I believe Cloudflare has a solution that puts the crawler in a loop of BS…
Re:
This one: https://developers.cloudflare.com/bots/get-started/bot-fight-mode/
So what happens if they start hoovering Uncyclopedia content (or other encyclopaedia parodies in the same series, such as Brazil’s Desciclopédia)? These are relatively low-volume sites (Wikia/FANDOM tried to utterly destroy the project in 2019, but it limps along under independent hosting) and the Wikimedia Foundation made a very sleazy attempt this year to get Finland’s “sweat” or “hiki” encyclopedia shut down on trumped-up trademark grounds.
These sites are nonsense. They were created as parody. They look like encyclopaedias, but the joke is that they let any moron edit pages. Sound familiar?
There are only two inevitable outcomes, neither of them good. One is that the bots slow the sites (which are non-commercial and small) so badly that they’re unusable for their intended human audience. The other undesirable outcome is that the bots actually do manage to download an entire Uncyclopedia and the end result is not Artificial Intelligence but Artificial Stupidity.
I can see that one coming from a mile (1.609km) away.
Re: Wikimedia trademarks
What?
This is why we can’t have nice things. Poo!
So what happens if they start hoovering Uncyclopedia content (or other encyclopaedia parodies in the same series, such as Brazil’s Desciclopédia)? These are relatively low-volume sites (Wikia/FANDOM tried to utterly destroy the project in 2019, but it limps along under independent hosting) and the Wikimedia Foundation made a very sleazy attempt this year to get Finland’s “sweat” or “hiki” encyclopedia shut down on trumped-up trademark grounds.
Re:
They probably already are. But while other sites are still producing content, those sites are a low priority for regurgitation.

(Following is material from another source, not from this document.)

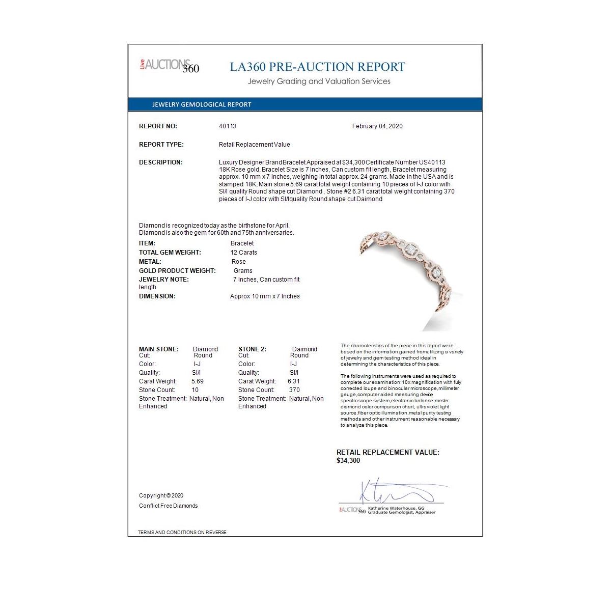 REF-735H2R - SKU: 40113 ---- 12 ctw Certified SI/I Diamond Halo Bracelet 18K Rose Gold

Until they kill the other sites by increased costs and reduced visitors.
Is this why so many sites make me identify bicycles?
So many sites now insist I prove I am human by forcing me to do tasks that make me feel like I am a robot.
This comment has been flagged by the community. Click here to show it.
Medical Coding Courses in Coimbatore
It occurs to me that these regurgitation engines are doing two things:
– Increasing the costs on the organisations that are producing original content
– Reducing the traffic and income for those same organisations
The end result of that is that the creators disappear. Leaving nobody to feed the regurgitation engines.
I haven’t heard anyone talk about what happens next, but I doubt I’ll like it.
This comment has been flagged by the community. Click here to show it.
Medical Coding Courses in Coimbatore
Given how the average techbro leans on the political spectrum and how Wikipedia has long been a target of the guillotinable class in general as it cannot be bought or gamed that easily, this bombardment is likely by design. If you can’t have PR people win edit wars, if you can’t write laws to remove articles on history that is inconvenient for the white nationalists in power, making the site unusuable through brute force exploitation and draining resources is the next best thing.
https://iimskills.com/medical-coding-courses-in-coimbatore/
This also explains about this link tax thing when charging to crawl
What well-known search engine crawls the web? That’s right Google, along with some other big tech companies on the web. The EU, Austrilia (News Media Bargaining Code), and Canada (Online News Act) were desperate of asking for money. Ads pay less, not many users subscribing, and that the fact that search engine’s not necessarily doing the news sites a favor (such as being stuck between indexing and AI trained, or not appearing on the google search indexing at all.